The script runs N independent instances of the script modeling.py, creating N output directories out_dir0, out_dir1, …, out_dir{N − 1}. Below, we detail the workflow of this modeling script in the context of the four stages of integrative modeling.

2.2.1. Stage 1: Gathering data

The set of information used to create our model is contained in the ./rnapolii/data folder (Figure 2). The components of the system, protein chains and their component residues, are defined in the FASTA file 1WCM.fasta.txt. Two sets of chemical crosslinks 14 , 15 are defined in files polii_xlinks.csv and polii_jura.csv (using BSS and DS3 crosslinkers, respectively) (Figure 2b). A negative‐stain EM density 16 (EMDB 1883) is stored in emd_1883.map.mrc and a corresponding Gaussian mixture model (GMM) to approximate the density written in emd_1883.map.txt (Figure 2c). The atomic‐resolution coordinates of each subunit, and the relative positioning of the components other than Rpb4 and Rpb7 are found in the PDB file 1WCM.pdb 12 (Figure 2d). In addition to this experimental information, we also utilize the physical principles of sequence connectivity and excluded volume.

FIGURE 2.

FIGURE 2

Data used in constructing RNA‐Polymerase II stalk model. (a) Primary sequences of all subunits in the FASTA format. (b) Chemical cross‐linking data, which yields a list of proximate residue pairs. (c) A 3D negative‐stain EM density map of the entire complex. (d) X‐ray crystal structures of each of the subunits. Figure published in a previous Protein Science tutorial 7

2.2.2. Stage 2: Defining representation and constructing scoring function

We represent the RNA polymerase II complex in a multi‐scale fashion. Component residues are simultaneously modeled by coarse grained beads of one‐residue and up to 10‐consecutive‐residues‐per‐bead. Additionally, the density of each component is represented by a GMM for use in the EM restraint. 17 This multi‐scale representation allows restraints of various types to be applied at the most appropriate resolution scales. A balance must be achieved between choosing a representation that is sufficiently detailed to capture structural features that are informed by the data and important for model interpretation while only representing degrees of freedom for which information is available and at a resolution that allows for tractable structural sampling. 18

The restraints are applied to individual resolution scales as appropriate.

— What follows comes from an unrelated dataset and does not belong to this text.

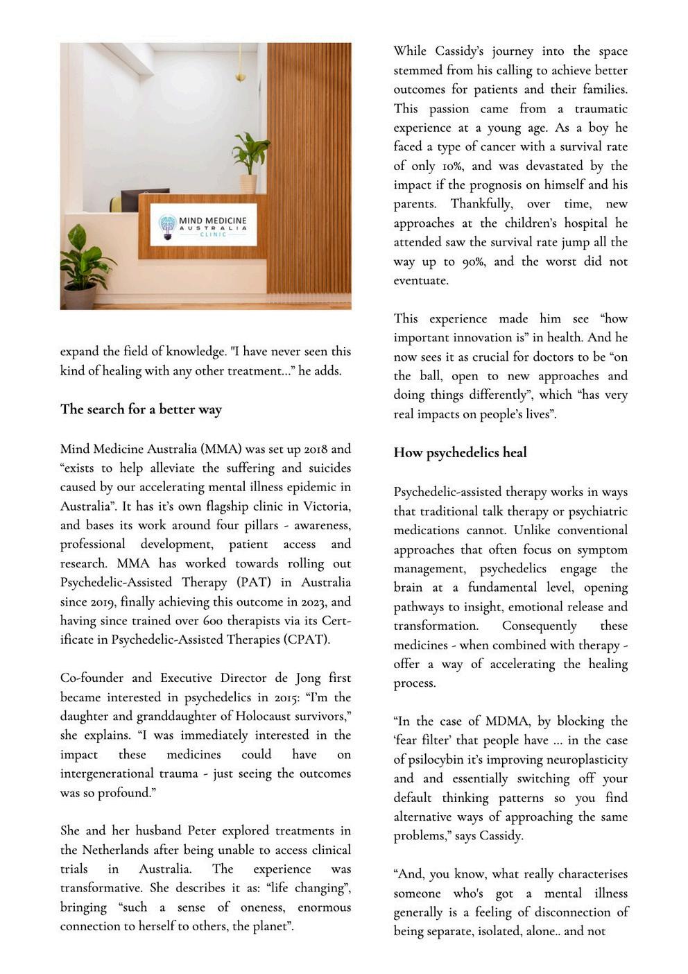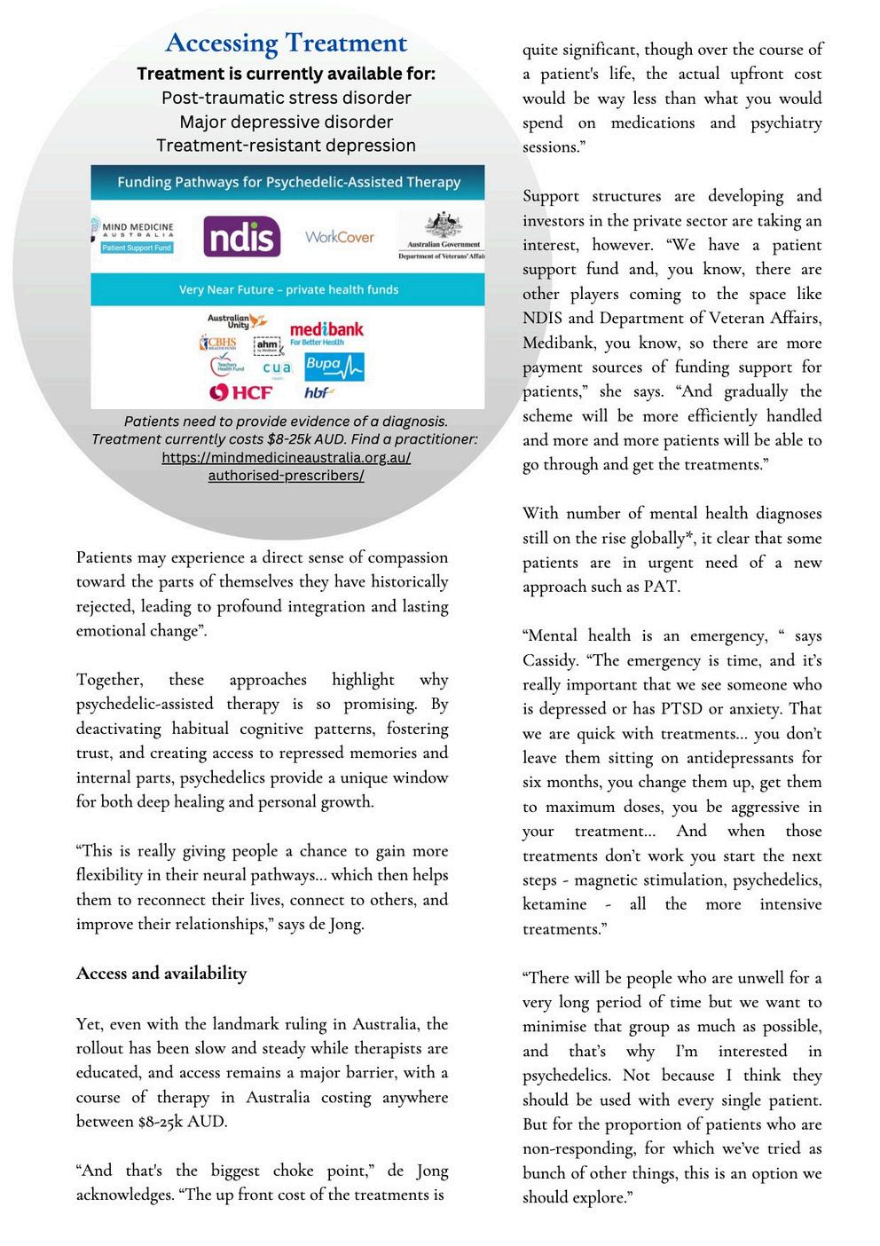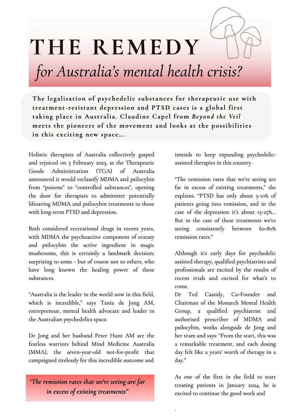 Australia is now the world leader in legally sanctioned psychedelic-assisted therapy International eyes are on the country to observe its model for safe, ethical, and effective delivery

Beads and GMMs of one or more individual chains or domains are arranged into either a rigid body or a flexible string, based on the crystallographic structures. In a rigid body, all beads and Gaussians representing a structured domain have their relative distances constrained during sampling, while in a flexible string of beads they are restrained by the sequence connectivity. This representation is defined by a topology file, ./rnapolii/data/topology.txt, the format of which is discussed in a previous tutorial. 7 After defining the model representation, we build the restraints by which the individual structural models will be scored based on the input data.

In this system, we utilize four types of restraints. First, we apply an excluded volume restraint (called ExcludedVolumeSphere in the Python script), which prevents beads from occupying the same space. For speed, this restraint is applied to the low‐resolution representation of the system (10 consecutive residues represented by each bead). Second, we restrain components of the system adjacent in sequence by a ConnectivityRestraint. Third, we apply a restraint on the density overlap of a model configuration to the experimental 3D density map. To reduce overhead, this restraint is evaluated by computing the overlap between the GMM representation of the model to a GMM approximation of the experimental density. 19 Finally, we utilize a chemical crosslink restraint (CrossLinkingMassSpectrometryRestraint) to restrain the distances between pairs of residues observed in the two sets of crosslinking data. These restraints are applied to the highest resolution bead modeled for each residue endpoint and are evaluated at upper bound of 21.0 Å, which corresponds to the sum of the crosslinking reagent spacer length (11.4 Å) and the two crosslinked residue side chains. Restraint scores are scaled by a weight term to balance the contribution of each restraint to the overall model score. As a heuristic, weights of 1.0 were applied to the excluded volume, connectivity, and crosslinking restraints while a weight of 80.0 was applied to the electron density restraint. The scoring function is the sum of all restraints.

2.2.3. Stage 3: Sampling

The system is sampled using Markov Chain Monte Carlo 20 with simulated annealing and Gibbs Sampling replica exchange 21 using the number of steps defined above. Using the ./run_rnapolii_modeling.sh script, we initialize multiple independent sampling runs, each starting with random initial configurations, to more efficiently search the scoring function landscape and allow for convergence testing.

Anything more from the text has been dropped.